Kelli and I, entranced, slip into the crystal clear water and stare up at that mesmerizing waterfall, floating, just floating…. as in a dream. I am seeing a Martin Van der Spuy painting in my head as I hang in the cool pool, surrounded by reflections and staring up at the rocks and the water fall tumbling from high above against the lips of the sky…. I just want to float there for hours…And I do….

rocks, water, ferns, painting by artist Martin Van Der Spuy and Lin floating, just floating, inTessa’s Pool

Snuggling into a cottage at Frog And Fern we are surrounded by more art... the glorious weave of a bark rug (msasa I think) made by local craftspeople…..and Martin Van der Spuy watercolours gracing our bedroom

a glorious bark rug made by local artists, and an equally glrious watercolour landscape by Martin Van Der Spuy

Bridal Veil Falls is the next stop on our road trip, as we drive through glowing scenery….

glowing summer leaves

We have fortuitously meet my friend Lauryn Arnott, fellow artist from Durban Technikon FineArt, and she suggests I look out for the ‘coptic priest’ she has observed with her keen artists eye at Bridal Veil Falls! Indeed, as Lauryn promised, there’s the coptic priest ministering, his rod out over the fine furl of water that tumbles past him on the sheer face of the rock, while Kelli plans future yoga and wellness retreats!
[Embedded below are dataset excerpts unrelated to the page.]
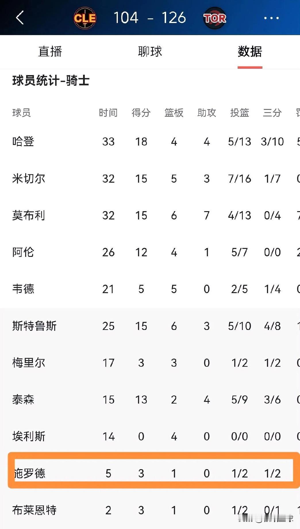 今日,骑士客场104-126惨败猛龙,大比分被扳成2-1,但比失利更刺眼的是替补控卫施罗德的表现。替补出战5分钟,三分2中1拿到3分1篮板,却出现3次失误,场上正负值-8。当他在场时,骑士净负8分,而比赛总净负分是22分。
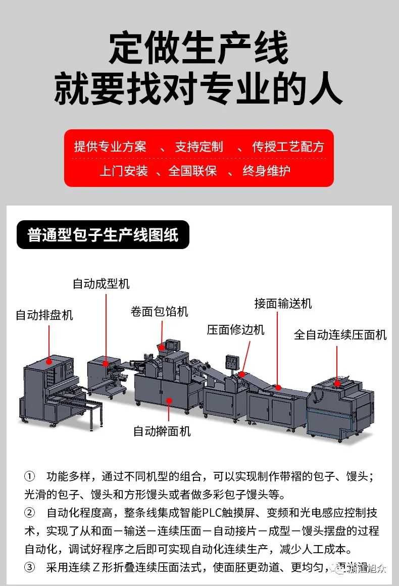 智能包子饅頭生產(chǎn)線,功能多樣,通過不同機型的組合,可以實現(xiàn)制作帶褶的包子、饅頭;光滑的包子、饅頭和方形饅頭或者做多彩包子饅頭等。
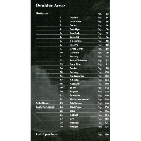 Lohnende Gebiete wie Mushroom Tunnel und Suworow sowie das Gebiet Shark sind nach wie vor im Führer. Neu hinzugekommen sind Schöllenen oder Kindergarten. Insgesamt 29 Gebiete mit über 1200 Bouldern von 3 bis 8c+. Mit zahlreichen Fototopos und Piktogrammen ein echter Leckerbissen für alle, die gerne in die Alpen zum Bouldern gehen.
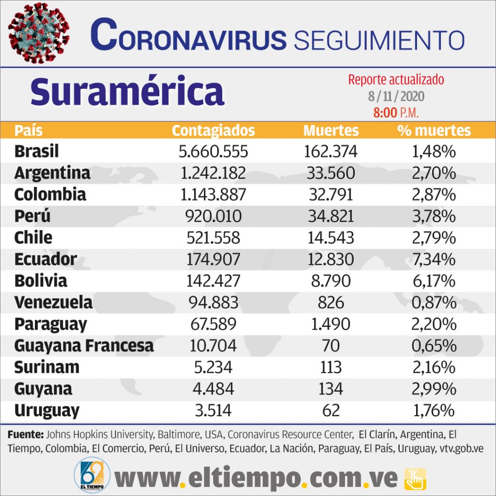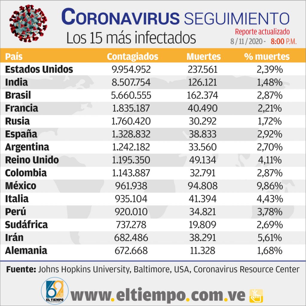 La pandemia ha contagiado en todo el mundo a más de 50 millones de ciudadanos y ha causado la muerte de más de un millón 200 mil pacientes, según el balance de las 8:00 pm de la Universidad Johns Hopkins de Baltimore (EEUU).
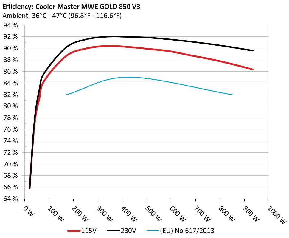 The PSU`s efficiency under high ambient temperatures with 115V and 230V input. For this graph the results of the 10-110% load regulation table are used

Nature has sculpted him from the dried leaves and stump of a dead Ensete (wild banana) plant, and the poor priest will not last long enough to see over any of Kelli’s future retreats….. within a season he will collapse back into the earth he came from.

Bridal Veil Falls, spot the coptic priest……!!

In Chimanimani Village we visit artist Webster Mubayirenyi who is creating Biodiversity Murals at the CHIMANIMANI Biodiversity Community Learning Centre.

Webster Mubayirenyi, wall murals for Chimanimani Biodiversity Community Learning Centre.

The Skyline Road to and from adventure and this Zimbabwean landscape never palls…as we head back to Harare…

The Skyline Road to and from adventure…

Back in Harare I attend the wonderful opening of the group exhibition at Mbare Art Space (MAS), Mwana Wehvu. Mwana Wevhu – child of soil/earth and ancestry/identity reclaimed by the MAS artists, and open to interpretation by the audience, (the title arising from a conversation Moffat Takadiwa had with Dr. Ignatius Mabasa). Curated by Tafadzwa Chimbumu and assistant curator Mbalizwe Mushayi, and featuring artists Takunda Regis Billiat, Kimberly Tatenda Gakanje, Nkosiyabo Frank Nyoni, Julio Rizhi, Tafadzwa Benson Chataika, Lomedy Mhako, William Joseph Kachinjika, Marcus Zvinavashe and Nyasha Jeche (of the CaliGraph collective).

That Star Bar exhibition space is spectacular, with a fascinating history from colonial days as well…if those walls could speak! Certainly the MAS team are giving those walls new and powerful voices …..

Photos collage with Geri Cam, Moffat Takadiwa and curators seen chatting to the artists.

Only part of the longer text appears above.